Inside a result builder, conditional expressions can appear only as the initial value of a variable or constant. This behavior means when you write if or switch in a result builder — outside of a variable or constant declaration — that code is understood as a branch statement and one of the result builder’s methods transforms that code.

Don’t put a conditional expression in a try expression, even if one of the branches of a conditional expression is throwing.

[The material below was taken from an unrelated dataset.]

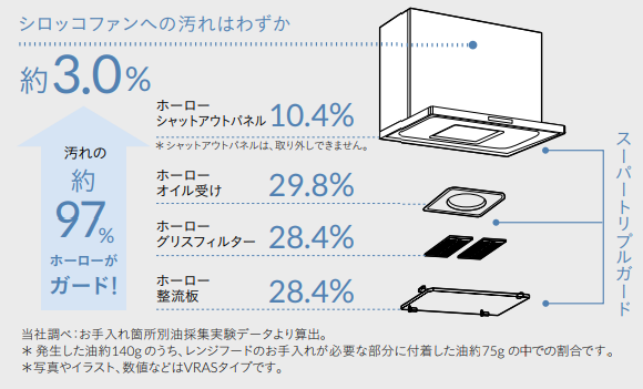 日常的にお手入れが必要なパーツは整流板、グリスフィルター、フードパネルの3カ所です。全てホーローで作られており、油汚れが簡単に落とせますよ!

Grammar of a conditional expression

conditional-expression → if-expression | switch-expression

if-expression → if condition-list { statement } if-expression-tail
if-expression-tail → else if-expression
if-expression-tail → else { statement }

switch-expression → switch expression { switch-expression-cases }
switch-expression-cases → switch-expression-case switch-expression-cases?
switch-expression-case → case-label statement
switch-expression-case → default-label statement

Closure Expression

closure expression creates a closure, also known as a lambda or an anonymous function in other programming languages. Like a function declaration, a closure contains statements, and it captures constants and variables from its enclosing scope. It has the following form:

{ (<#parameters#>) -> <#return type#> in
   <#statements#>
}

The parameters have the same form as the parameters in a function declaration, as described in Function Declaration.

Writing throws or async in a closure expression explicitly marks a closure as throwing or asynchronous.

{ (<#parameters#>) async throws -> <#return type#> in
   <#statements#>
}

If the body of a closure includes a try expression, the closure is understood to be throwing. Likewise, if it includes an await expression, it’s understood to be asynchronous.

There are several special forms that allow closures to be written more concisely:

  • A closure can omit the types of its parameters, its return type, or both. If you omit the parameter names and both types, omit the in keyword before the statements. If the omitted types can’t be inferred, a compile-time error is raised.
  • A closure may omit names for its parameters. Its parameters are then implicitly named $ followed by their position: $0$1$2, and so on.
  • A closure that consists of only a single expression is understood to return the value of that expression. The contents of this expression are also considered when performing type inference on the surrounding expression.

The following closure expressions are equivalent:

myFunction { (x: Int, y: Int) -> Int in
    return x + y
}


myFunction { x, y in
    return x + y
}


myFunction { return $0 + $1 }


myFunction { $0 + $1 }

For information about passing a closure as an argument to a function, see Function Call Expression.

Closure expressions can be used without being stored in a variable or constant, such as when you immediately use a closure as part of a function call. The closure expressions passed to myFunction in code above are examples of this kind of immediate use. As a result, whether a closure expression is escaping or nonescaping depends on the surrounding context of the expression. A closure expression is nonescaping if it’s called immediately or passed as a nonescaping function argument. Otherwise, the closure expression is escaping.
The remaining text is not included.